WHAT IS EXPECTED.
Transcribe the following records exactly, images excluded.

[Collected data]
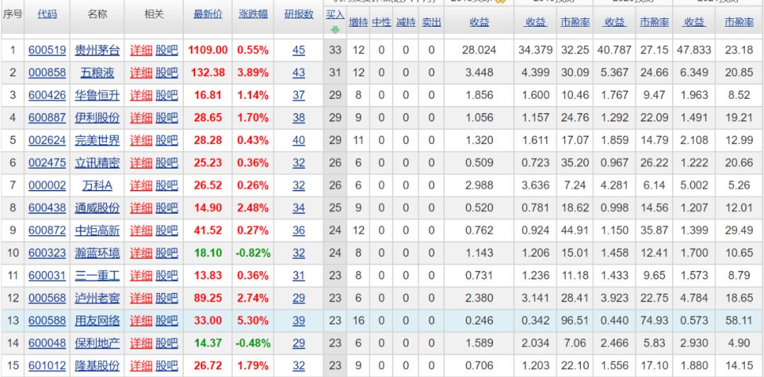 为了大家更容易理解,我以下面市场关注度高且预期比较一致的15支白马股为例,分析一下,这七个确定性因素是如何发生作用的。
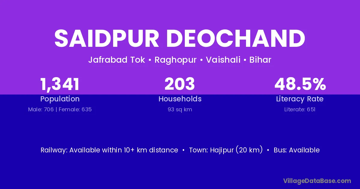 Saidpur Deochand village has a total population of 1,341 people, of which 706 are males and 635 are females.
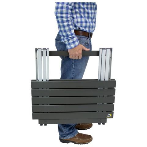 > Recommended use: camping Material type: aluminium Load capacity: 27 kg Dimensions (outer): 63 x 63,5 x 71,6 cm Packed dimensions: 63 x 5 x 61,7 cm Weight: 2,800 g
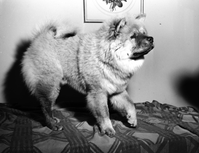 Sandy Jo, owned by Mrs. Bessie Faye Beird, 2724 Strong, was best of breed at the Fort Worth Kennel Club show in Trinity Park. The seven-month old chow was also fourth in the non-sporting variety group. The dog stands on a bed. Published in the Fort Worth Star-Telegram morning edition, July 23, 1950.
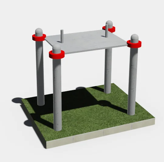 Опорные столбы высотой 1000мм в количестве 4 единиц, диаметр которых предоставляется на выбор, антивандальной столешницы армрестлинг, расположенной на высоте 900 мм от поверхности основания. Столешница крепится к опорным столбам при помощи хомутов. Длина комплекса не более 1400 мм.
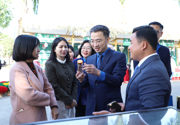 Bí thư Trung ương Đoàn Nguyễn Tường Lâm và các đại biểu thăm gian hàng khời nghiệp của thanh niên. |
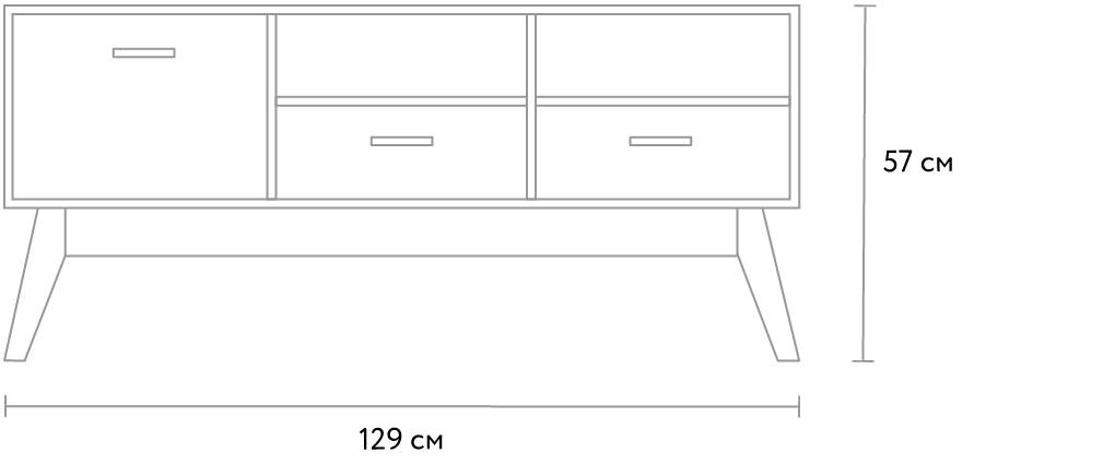 Конструкция тумбы «Нордик-1» включает отсек с распашной дверцей, два выдвижных ящика и два открытых отделения. На широкую столешницу вы сможете поставить телевизор любой диагонали, а также всю аудио- и видеотехнику.
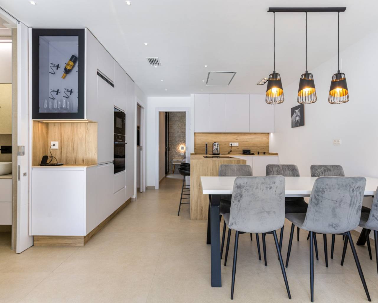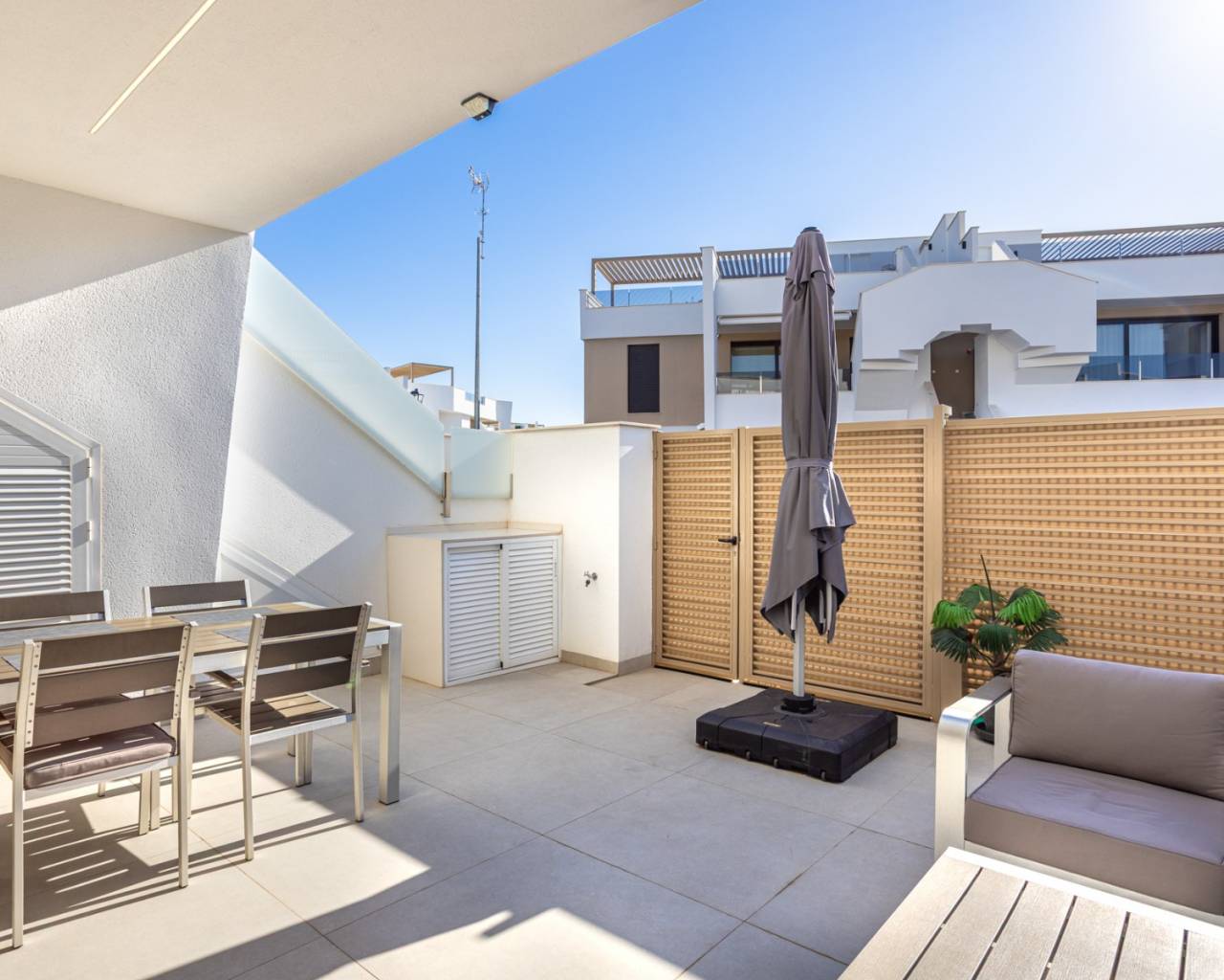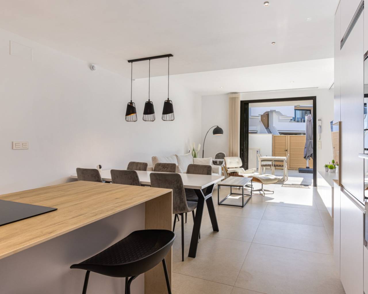 Descubra este hermoso apartamento en planta baja en una de las zonas más deseadas de San Pedro del Pinatar, a pocos minutos del mar y rodeado de todas las comodidades que necesita para una vida cómoda y tranquila o la escapada perfecta. Esta casa de 80 m² presume de un diseño funcional y moderno. Cuenta con tres dormitorios con armarios empotrados, dos baños y una cocina abierta que se integra a la perfección con el salón-comedor, creando un espacio amplio y luminoso, perfecto para reuniones familiares o con amigos. El tercer dormitorio es particularmente único: se accede a él a través de una mampara totalmente corredera que se transforma en una sala de estar adicional en segundos. El salón se abre directamente a una cómoda terraza privada, perfecta para disfrutar del desayuno al aire libre, relajarse con un libro o disfrutar de las cálidas tardes mediterráneas. Servicios que marcan la diferencia: Una piscina comunitaria rodeada de vegetación ofrece un refrescante descanso en los días más calurosos. El agua se calienta mediante paneles solares compartidos, lo que permite su uso durante todo el año. Parking privado en la terraza. Espacio de almacenamiento para espacio de almacenamiento adicional Calefacción por suelo radiante en baños Se ha instalado aire acondicionado (central) para garantizar comodidad durante todo el año. Se entrega amueblado y equipado con electrodomésticos, listo para vivir sin complicaciones. Ubicación ideal: A tan solo 6 minutos en coche de las playas del Mar Menor y del Mar Mediterráneo. A 3 minutos a pie de supermercados, tiendas, restaurantes y zonas recreativas. A 30 minutos del Aeropuerto Internacional de Murcia A 15 minutos de varios campos de golf La ubicación orientada al este proporciona una excelente ventilación y luz natural durante todo el día, manteniéndolo fresco en verano y cálido en invierno. Esta propiedad es perfecta como residencia principal, segunda residencia o inversión para alquiler vacacional. ¡No pierdas la oportunidad de vivir junto al mar y disfrutar de todas las comodidades!

EXERCISE SOLUTION.
 为了大家更容易理解,我以下面市场关注度高且预期比较一致的15支白马股为例,分析一下,这七个确定性因素是如何发生作用的。
 Saidpur Deochand village has a total population of 1,341 people, of which 706 are males and 635 are females.
 > Recommended use: camping Material type: aluminium Load capacity: 27 kg Dimensions (outer): 63 x 63,5 x 71,6 cm Packed dimensions: 63 x 5 x 61,7 cm Weight: 2,800 g
 Sandy Jo, owned by Mrs. Bessie Faye Beird, 2724 Strong, was best of breed at the Fort Worth Kennel Club show in Trinity Park. The seven-month old chow was also fourth in the non-sporting variety group. The dog stands on a bed. Published in the Fort Worth Star-Telegram morning edition, July 23, 1950.
 Опорные столбы высотой 1000мм в количестве 4 единиц, диаметр которых предоставляется на выбор, антивандальной столешницы армрестлинг, расположенной на высоте 900 мм от поверхности основания. Столешница крепится к опорным столбам при помощи хомутов. Длина комплекса не более 1400 мм.
 Bí thư Trung ương Đoàn Nguyễn Tường Lâm và các đại biểu thăm gian hàng khời nghiệp của thanh niên. |
 Конструкция тумбы «Нордик-1» включает отсек с распашной дверцей, два выдвижных ящика и два открытых отделения. На широкую столешницу вы сможете поставить телевизор любой диагонали, а также всю аудио- и видеотехнику.
 Descubra este hermoso apartamento en planta baja en una de las zonas más deseadas de San Pedro del Pinatar, a pocos minutos del mar y rodeado de todas las comodidades que necesita para una vida cómoda y tranquila o la escapada perfecta. Esta casa de 80 m² presume de un diseño funcional y moderno. Cuenta con tres dormitorios con armarios empotrados, dos baños y una cocina abierta que se integra a la perfección con el salón-comedor, creando un espacio amplio y luminoso, perfecto para reuniones familiares o con amigos. El tercer dormitorio es particularmente único: se accede a él a través de una mampara totalmente corredera que se transforma en una sala de estar adicional en segundos. El salón se abre directamente a una cómoda terraza privada, perfecta para disfrutar del desayuno al aire libre, relajarse con un libro o disfrutar de las cálidas tardes mediterráneas. Servicios que marcan la diferencia: Una piscina comunitaria rodeada de vegetación ofrece un refrescante descanso en los días más calurosos. El agua se calienta mediante paneles solares compartidos, lo que permite su uso durante todo el año. Parking privado en la terraza. Espacio de almacenamiento para espacio de almacenamiento adicional Calefacción por suelo radiante en baños Se ha instalado aire acondicionado (central) para garantizar comodidad durante todo el año. Se entrega amueblado y equipado con electrodomésticos, listo para vivir sin complicaciones. Ubicación ideal: A tan solo 6 minutos en coche de las playas del Mar Menor y del Mar Mediterráneo. A 3 minutos a pie de supermercados, tiendas, restaurantes y zonas recreativas. A 30 minutos del Aeropuerto Internacional de Murcia A 15 minutos de varios campos de golf La ubicación orientada al este proporciona una excelente ventilación y luz natural durante todo el día, manteniéndolo fresco en verano y cálido en invierno. Esta propiedad es perfecta como residencia principal, segunda residencia o inversión para alquiler vacacional. ¡No pierdas la oportunidad de vivir junto al mar y disfrutar de todas las comodidades!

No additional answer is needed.